The election of President Trump has sparked an outpouring of interest by women in running for political office, a sociology professor said here this week.
Speaking in the final lecture in the Frontiers of Democracy series at Montana State University Billings, Joy Honea said that enrollment in the “Getting Ready to Run” training offered by Emily’s List has increased 300 percent since the election. Emily’s List, which encourages pro-choice Democratic women to run for office, has had 10,000 calls since the election from women interested in running for office.
An estimated 86 percent of members of Daily Action are women. The group, founded in December, logs some 10,000 calls a day to members of Congress seeking progressive change. The Indivisible Movement, founded to resist the Trump agenda, has nearly 6,000 local groups across the country.
Big Sky Rising, a Montana group of volunteers that arose after the election, has attracted more than 7,000 members, said Honea, who has a doctorate from Colorado State University. A post-inauguration women’s rally in Helena, one of 673 organized rallies across the world, drew 10,000 people.
“This is the first time that the marginalized position of women felt extremely personal,” Honea said.

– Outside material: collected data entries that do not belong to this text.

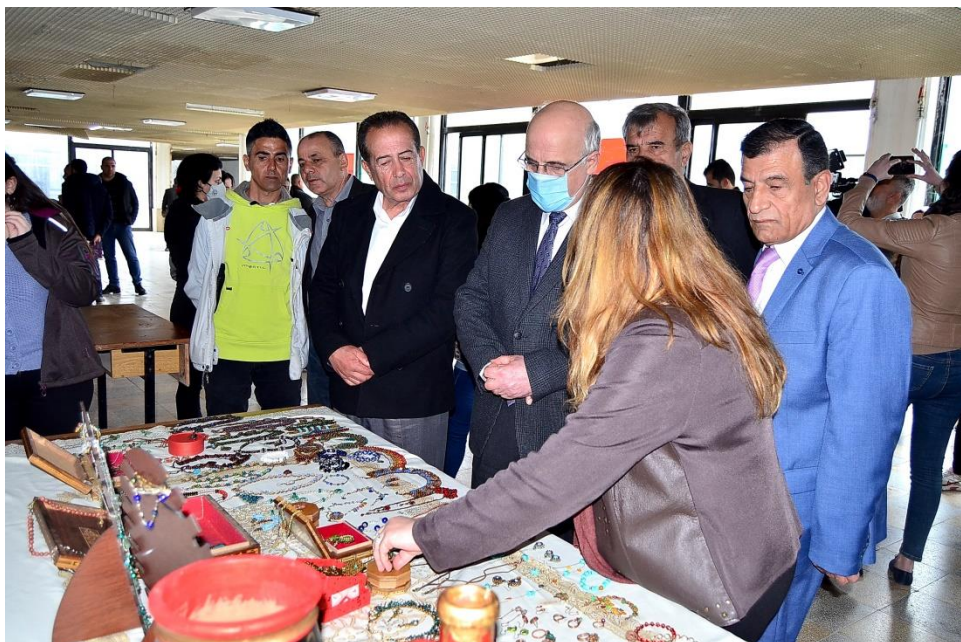
Fig 6: exhibition of the workshop 1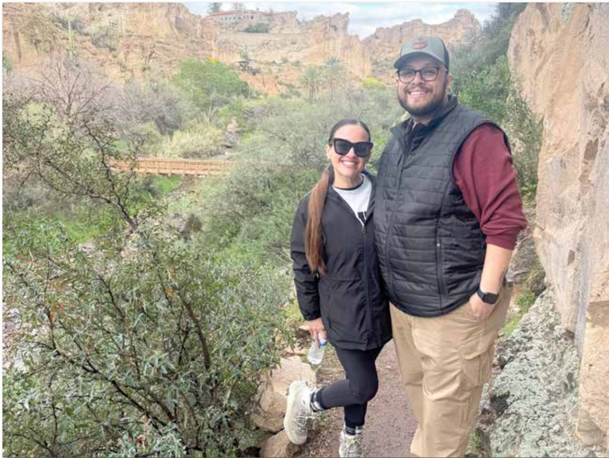
Hikers enjoy the First Day Hike at the Boyce Thompson Arboretum in Superior.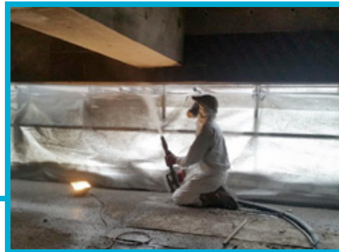
Photos showing an airtight encapsulated work area at Coolerry railway bridge, both during and post grit blast cleaning.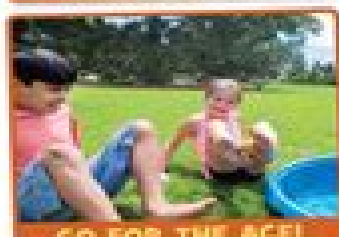
GO FOR THE ACE!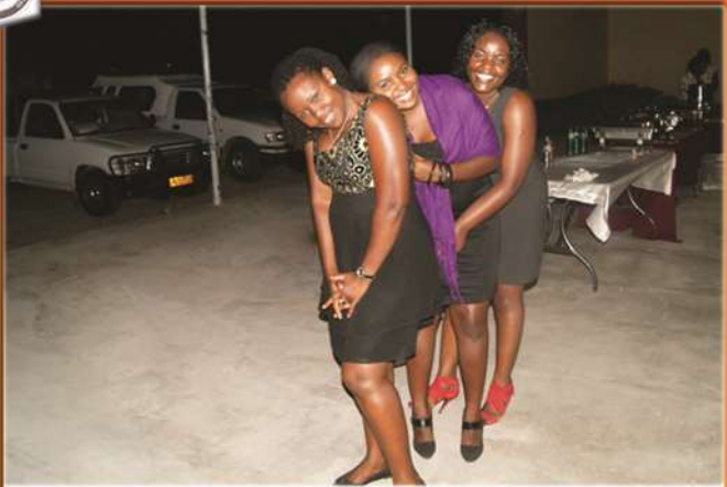
Ladies Looking Good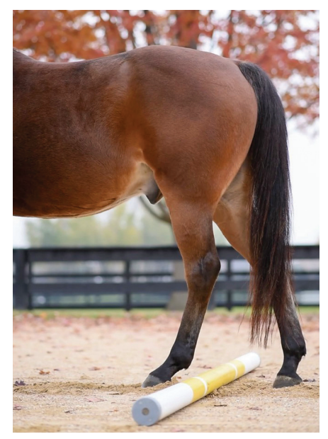
For horses prehabilitating or on stall rest, incorporate pole work during hand-walking to work on proprioception.

In a recently published NCSU study (TheHorse. com/1125183), treatment with this device resulted in significantly enhanced lymphatic flow compared to the control group. For this reason Schnabel views it as an essential tool for horses in the postoperative period to restore lymphatic health and clear the limbs of inflammatory mediators and metabolic waste with the goal of reducing pain and improving healing.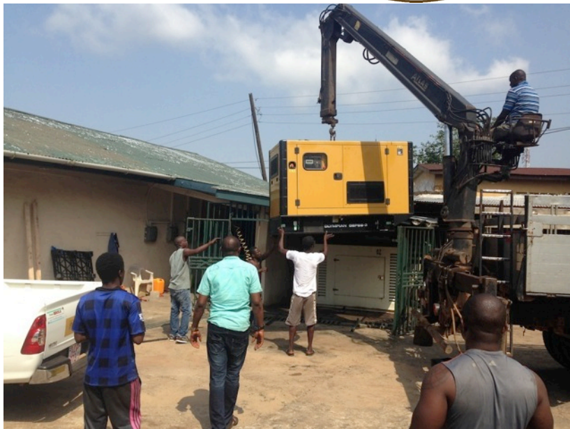
Above: Sierra Leone receives new generator from Sweet Harvest Foods.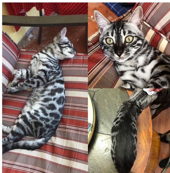
APb/APb female with mask, cape, goggles and dark expression Bred by Meghan Waals, Owned by Tricia Faul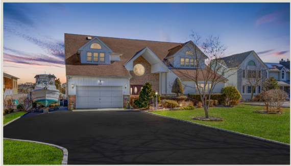
Sold | West Islip | 285 Willetts Avenue | $1,090,000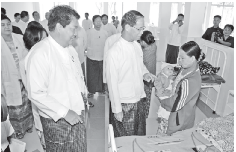
Vice-President Dr Sai Mauk Kham comforts patients at new Tatkon Township Hospital (100-bed).

He said that the past 50-bed Tatkon Township hospital was upgraded to the 100-bed hospital as of 26 May 2011. Due to difficulty of plot for extending the hospital building, the new hospital was built on the new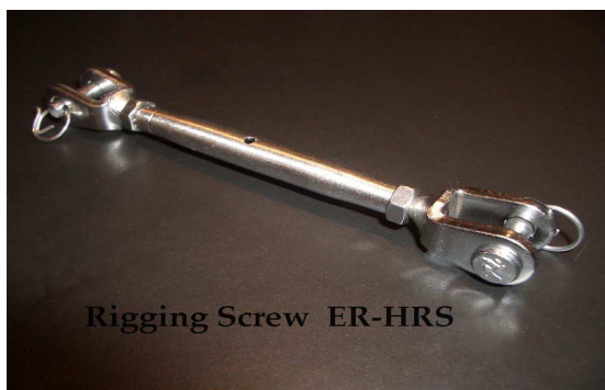
Rigging Screw ER-HRS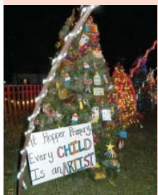
Decorated tree by Hopper Primary school.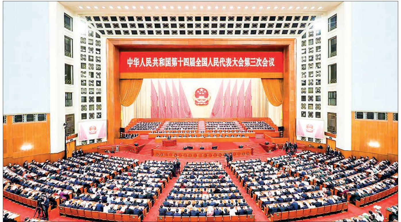
The opening meeting of the third session of the 14 th National People's Congress (NPC) is held at the Great Hall of the People in Beijing, capital of China, 5 March 2025.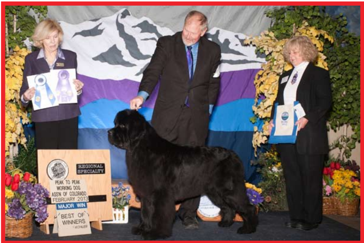
Best of Winners Bee Creek's State of the Union RN, BN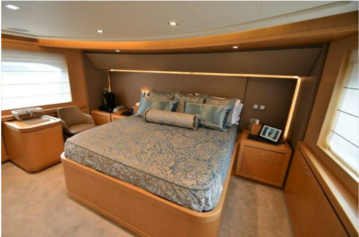
Slainte III_86 Master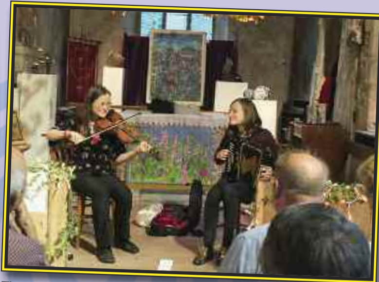
The Askew Sisters folk duo performing in St. Lawrence's Church.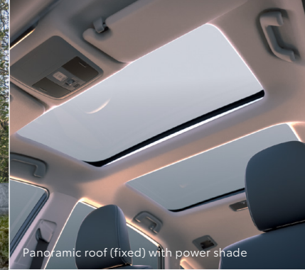
Panoramic roof (fixed) with power shade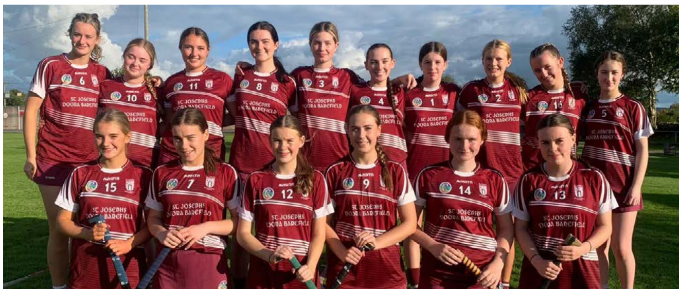
U18 Team Photo ahead of the Shield Semi Final V Whitegate

Honea was speaking on “Nasty Women: The Political Becomes Personal,” a title drawn from a remark by Trump during his campaign when he was asked a question about his income taxes. Despite Trump’s “misogynist, bigoted rhetoric,” Honea said, he was able to win a majority of the votes of white women and 62 percent of the votes of white women who did not attend college.
The results point to a growing gap between presidential preferences of men and women, Honea said. Women and men split their votes about equally in 1976, but men have not voted for a Democratic candidate since then. More women have voted for Democrats for president in every election since 1996, she said. Fifty-four percent of women identify as Democrats, she said, while only 42 percent of men do.
In general, women tend to hold more liberal political positions than men in terms of support for government programs, abortion rights and social justice, Honea said. Women also are slightly more likely than men to vote, she said, but they face substantial obstacles to running for office.
Women historically have been less engaged in politics, they are less likely to think of themselves as qualified to run, they are more likely to be judged negatively for running, and they typically have less political and financial support than male candidates. She pointed to negative reactions to Hillary Clinton’s campaign such as slogans like “Life’s a bitch, don’t vote for one” and “Hillary sucks but not like Monica.”
Still, she said, women are making slow progress in holding elective office. Congress now has 104 women members, including 21 senators, and women hold 24 percent of statewide elected executive offices. At the current rate of increase, Honea said, women would make up half of Congress by 2117.
“It’s still progress,” Honea said, “but it’s slow and uneven.”
The Montana Legislature ranks 17th among the states in gender equality, Honea said, with 14 women senators and 29 House members. Thirty-three of those 43 legislators are Democrats, Honea said.
Wyoming, which gave women the right to vote when it was still a territory, ranked dead last among the states, with only 10 women legislators, six of them Republicans.